A lack of "real" social networking, involving personal interaction, may have biological effects, he suggests.
He also says that evidence suggests that a lack of face-to-face networking could alter the way genes work, upset immune responses, hormone levels, the function of arteries, and influence mental performance.
This, he claims, could increase the risk of health problems as serious as cancer, strokes, heart disease, and dementia.
Dr Sigman maintains that social networking sites have played a significant role in making people become more isolated.
"Social networking is the internet's biggest growth area, particular among young children," he said.
"Social networking sites should allow us to embellish our social lives, but what we find is very different. The tail is wagging the dog. These are not tools that enhance, they are tools that displace."
Dr Sigman says that there is research that suggests the number of hours people spend interacting face-to-face has fallen dramatically since 1987, as the use of electronic media has increased.
And he claims that interacting "in person" has an effect on the body that is not seen when e-mails are written.

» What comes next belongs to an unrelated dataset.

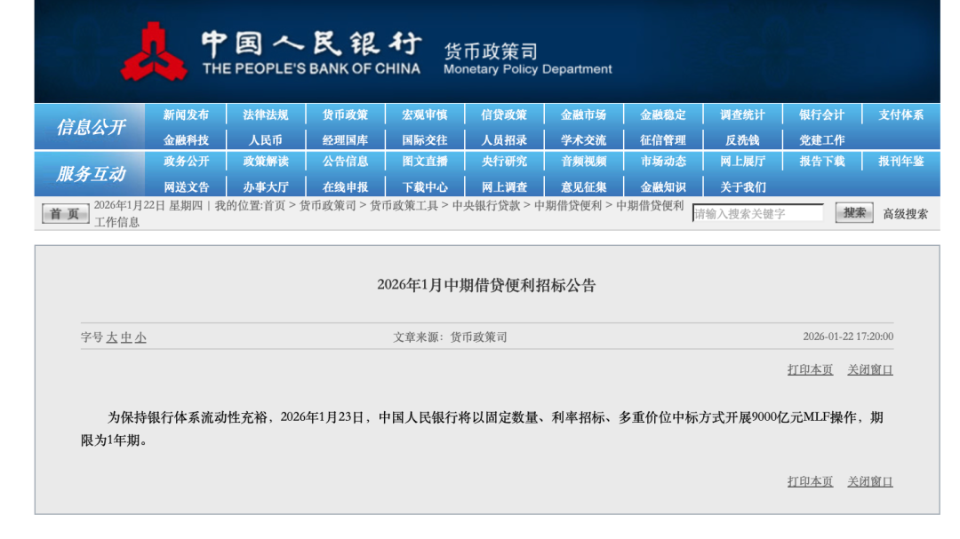 1月22日,央行发布消息称,为保持银行体系流动性充裕,1月23日,中国人民银行将以固定数量、利率招标、多重价位中标方式开展9000亿元中期借贷便利(MLF)操作,期限为1年期。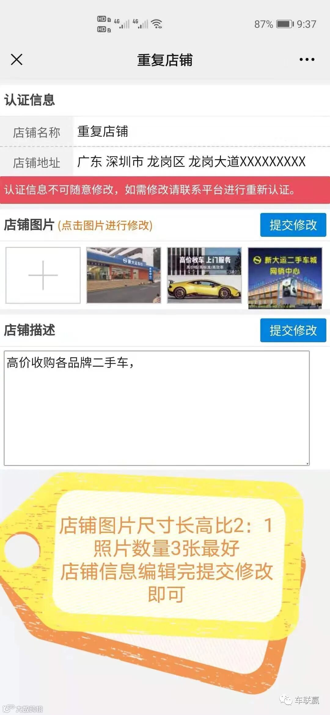 所有二手车商都可在线申请免费店铺,免费开店,免费发车,不需任何会员费,店铺地址要填写详细,审核后不能随意更改的,修改店铺名和地址要联系后台客服的,可加客服微信:13725513036(微信同号),店铺照片和个人名称可以随意更改,便于同行联系及提升店铺形象使用,

"When we are 'really' with people different things happen," he said.
"It's probably an evolutionary mechanism that recognises the benefits of us being together geographically.
"Much of it isn't understood, but there does seem to be a difference between 'real presence' and the virtual variety."
Dr Sigman also argues using electronic media undermines people's social skills and their ability to read body language.
"One of the most pronounced changes in the daily habits of British citizens is a reduction in the number of minutes per day that they interact with another human being," he said.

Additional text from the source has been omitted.